[Records from a data collection]
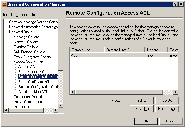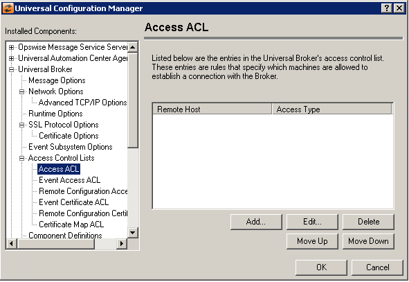 Access Control List | Displays the entries contained in the Universal Broker Access Control List (ACL). This list is used to grant or deny access to Universal Broker based on the remote system's IP address. The order in which ACL entries are evaluated and applied are based on their position in this list. Use the Move Up and Move Down buttons to change an entry's priority. |
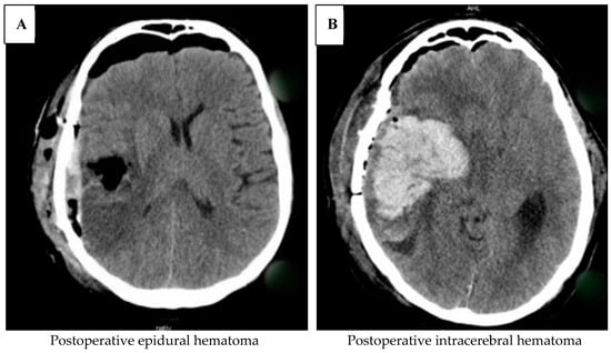 The degree of vascularization of operating lesions may influence the development of postoperative intracranial hemorrhage. Kalfas and Little observed that tumors, particularly meningiomas, were associated with the highest incidence of secondary bleeding in intracranial surgeries [33]. This finding is supported by similar reports from other researchers. The pathomechanisms underlying the elevated risk of secondary hemorrhage in hypervascularized processes such as meningiomas may involve pathological vessel walls and the activity of tumor-specific enzymes and growth factors [33,34]. Although a platelet count below 150/mL has been linked to an increased risk of pICH [35], this association was not statistically confirmed in our study due to the limited number of patients with thrombocytopenia. In a small number of patients with pICH and pathologic PTT, INR, or Quick values, statistical calculation regarding pICH was not presentable. Several pertinent risk factors for pICH, including preoperative and early postoperative hypertensive crises [36,37,38], vasculopathy-associated diabetes mellitus [39], cerebral amyloid angiopathy [40], factor XIII deficiency [1], or alcohol abuse [41], have been identified by other researchers but were not specifically investigated in this study. Nonetheless, these factors represent crucial observations highlighted by various authors and warrant consideration in future studies. Specifically, the patients with pICH experienced a significant deterioration in both Glasgow Outcome Scale (GOS) and Karnofsky Performance Scale (KPS) scores after surgery. Such outcomes underscore the devastating consequences of postoperative bleeding in affected patients.
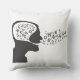 Um travesseiro redondo com um retrato artístico preto-e-branco em negrito com um detalhe de assinatura. Perfeito por adicionar um toque moderno e personalizado à decoração doméstica.
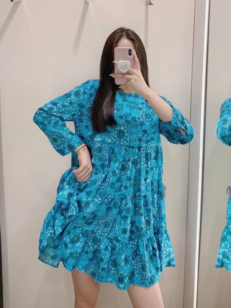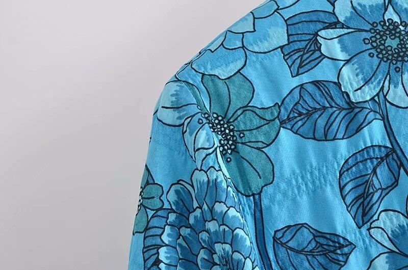 涼し気なブルーの花柄が大人っぽいシャツです。
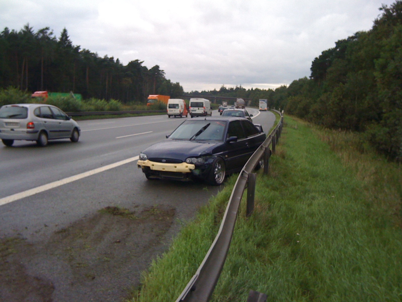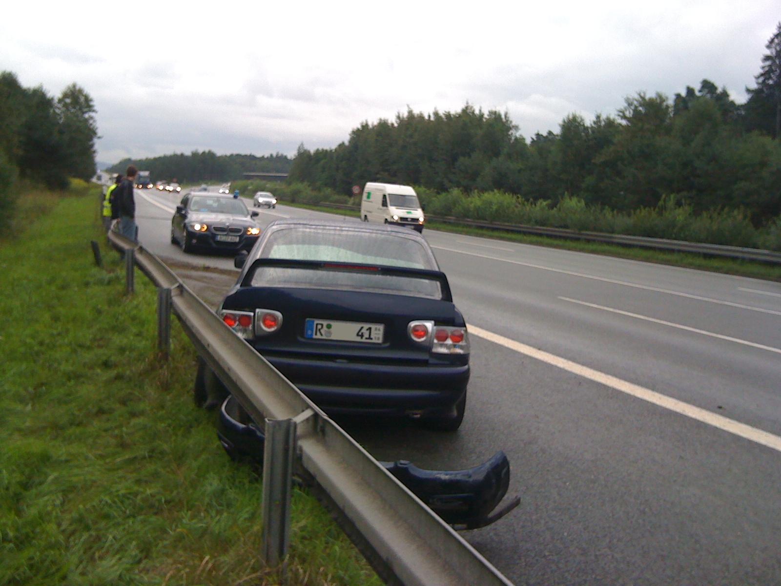 Ich hab ja davon nix mitbekommen, ging eben alles verdammt schnell, hatte keine Chance zum reagieren, es gab auch schon Leute, die haben mir gesagt: "Junge, wofür hattest du ein Fahrertrianing" na klar, bei 240 laut Tacho, und dann unerwartet, hatte das Lenkrad schon richtig fest in der Hand, aber gegen die Physik, was soll ich da machen? Ach was solls, hauptsache kein Personenschaden, Autos oder Leitplanken kann man ersetzen, wobei ich die 321,06€ für 10Km Abschleppen schon heftig finde ...
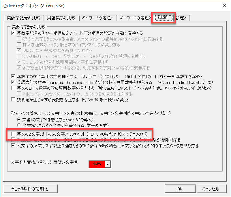 色deチェックでは、上記のチェックをする機能のオン・オフを任意に設定できるようになっており、これがオンになると冒頭のような誤判定の原因になるのです。

■ TRY IT: Leave out the pictures and repeat exactly the lines from the one containing "Um travesseiro redondo" through the last line of the entries.

■ RESULT OF THIS TASK:
 Um travesseiro redondo com um retrato artístico preto-e-branco em negrito com um detalhe de assinatura. Perfeito por adicionar um toque moderno e personalizado à decoração doméstica.
 涼し気なブルーの花柄が大人っぽいシャツです。
 Ich hab ja davon nix mitbekommen, ging eben alles verdammt schnell, hatte keine Chance zum reagieren, es gab auch schon Leute, die haben mir gesagt: "Junge, wofür hattest du ein Fahrertrianing" na klar, bei 240 laut Tacho, und dann unerwartet, hatte das Lenkrad schon richtig fest in der Hand, aber gegen die Physik, was soll ich da machen? Ach was solls, hauptsache kein Personenschaden, Autos oder Leitplanken kann man ersetzen, wobei ich die 321,06€ für 10Km Abschleppen schon heftig finde ...
 色deチェックでは、上記のチェックをする機能のオン・オフを任意に設定できるようになっており、これがオンになると冒頭のような誤判定の原因になるのです。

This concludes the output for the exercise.